[TASK INSTRUCTIONS]
Transcribe word for word the section of the records below that opens with the line containing "The liquid bridge" and closes with the line containing "A sütő elem"; drop every picture.

═══ PROVIDED ENTRIES

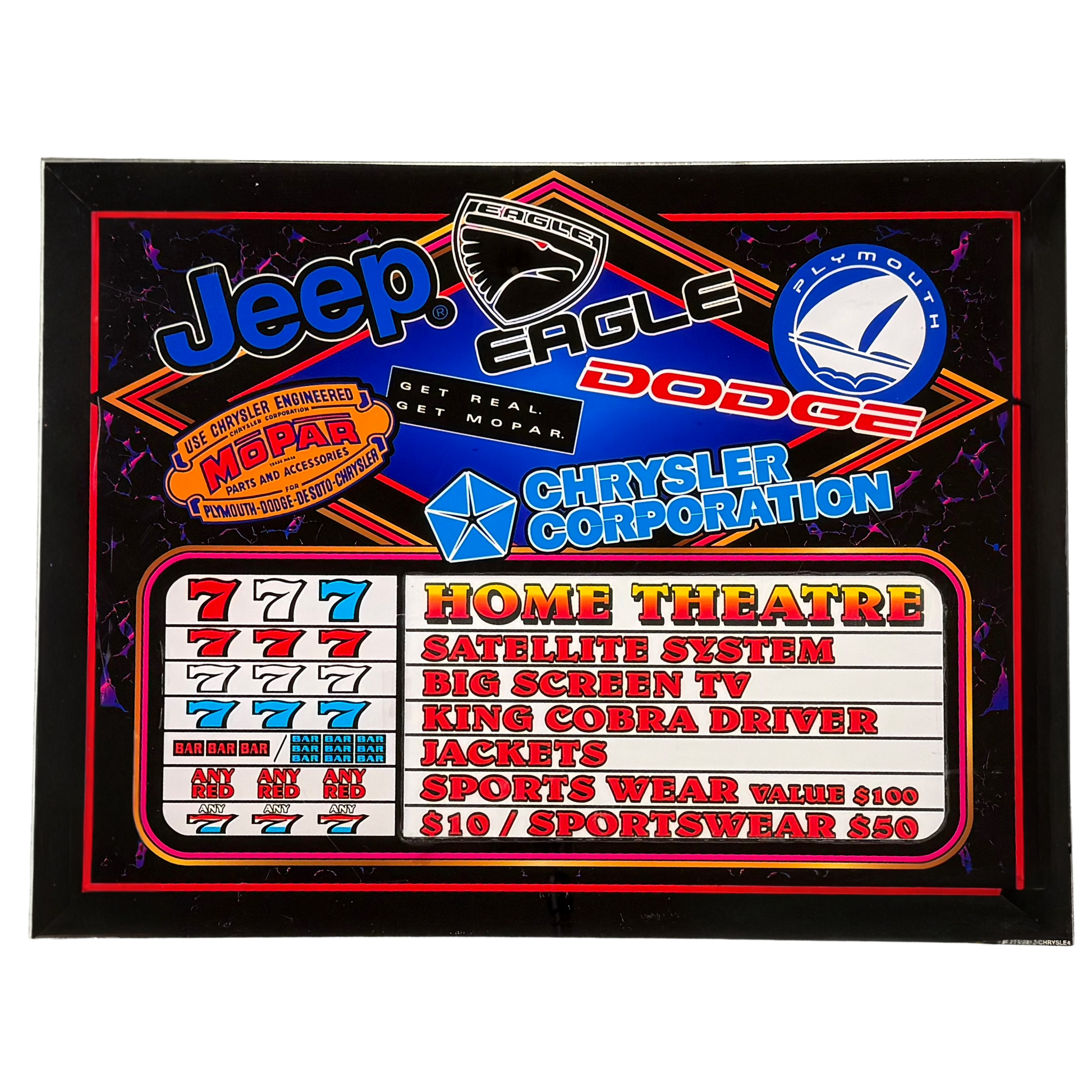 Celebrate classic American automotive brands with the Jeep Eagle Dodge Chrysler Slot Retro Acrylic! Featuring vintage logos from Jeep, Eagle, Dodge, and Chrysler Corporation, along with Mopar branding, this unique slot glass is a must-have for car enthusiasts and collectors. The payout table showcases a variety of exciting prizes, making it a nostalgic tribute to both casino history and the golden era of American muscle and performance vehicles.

══════
═══ PROVIDED ENTRIES

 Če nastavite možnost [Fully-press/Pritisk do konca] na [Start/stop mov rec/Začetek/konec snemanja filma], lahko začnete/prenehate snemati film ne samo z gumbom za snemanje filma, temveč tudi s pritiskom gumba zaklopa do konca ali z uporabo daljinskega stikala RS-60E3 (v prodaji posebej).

══════
═══ PROVIDED ENTRIES

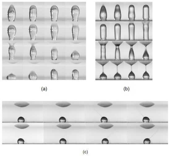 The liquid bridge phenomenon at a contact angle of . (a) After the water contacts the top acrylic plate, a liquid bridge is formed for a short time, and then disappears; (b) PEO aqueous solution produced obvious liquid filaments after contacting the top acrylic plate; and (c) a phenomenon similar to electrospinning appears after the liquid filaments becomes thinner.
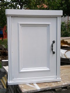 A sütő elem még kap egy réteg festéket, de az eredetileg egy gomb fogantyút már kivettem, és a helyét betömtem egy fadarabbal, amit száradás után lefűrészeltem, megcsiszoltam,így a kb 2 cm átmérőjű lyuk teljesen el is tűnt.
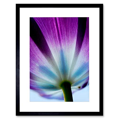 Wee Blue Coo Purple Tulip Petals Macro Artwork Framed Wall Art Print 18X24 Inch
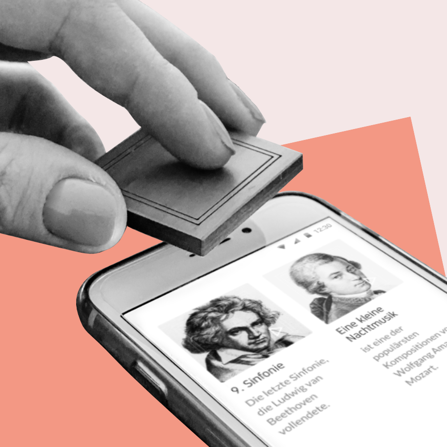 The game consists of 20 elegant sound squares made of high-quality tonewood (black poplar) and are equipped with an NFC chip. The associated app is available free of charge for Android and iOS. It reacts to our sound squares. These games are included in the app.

══════

[ANSWER]
 The liquid bridge phenomenon at a contact angle of . (a) After the water contacts the top acrylic plate, a liquid bridge is formed for a short time, and then disappears; (b) PEO aqueous solution produced obvious liquid filaments after contacting the top acrylic plate; and (c) a phenomenon similar to electrospinning appears after the liquid filaments becomes thinner.
 A sütő elem még kap egy réteg festéket, de az eredetileg egy gomb fogantyút már kivettem, és a helyét betömtem egy fadarabbal, amit száradás után lefűrészeltem, megcsiszoltam,így a kb 2 cm átmérőjű lyuk teljesen el is tűnt.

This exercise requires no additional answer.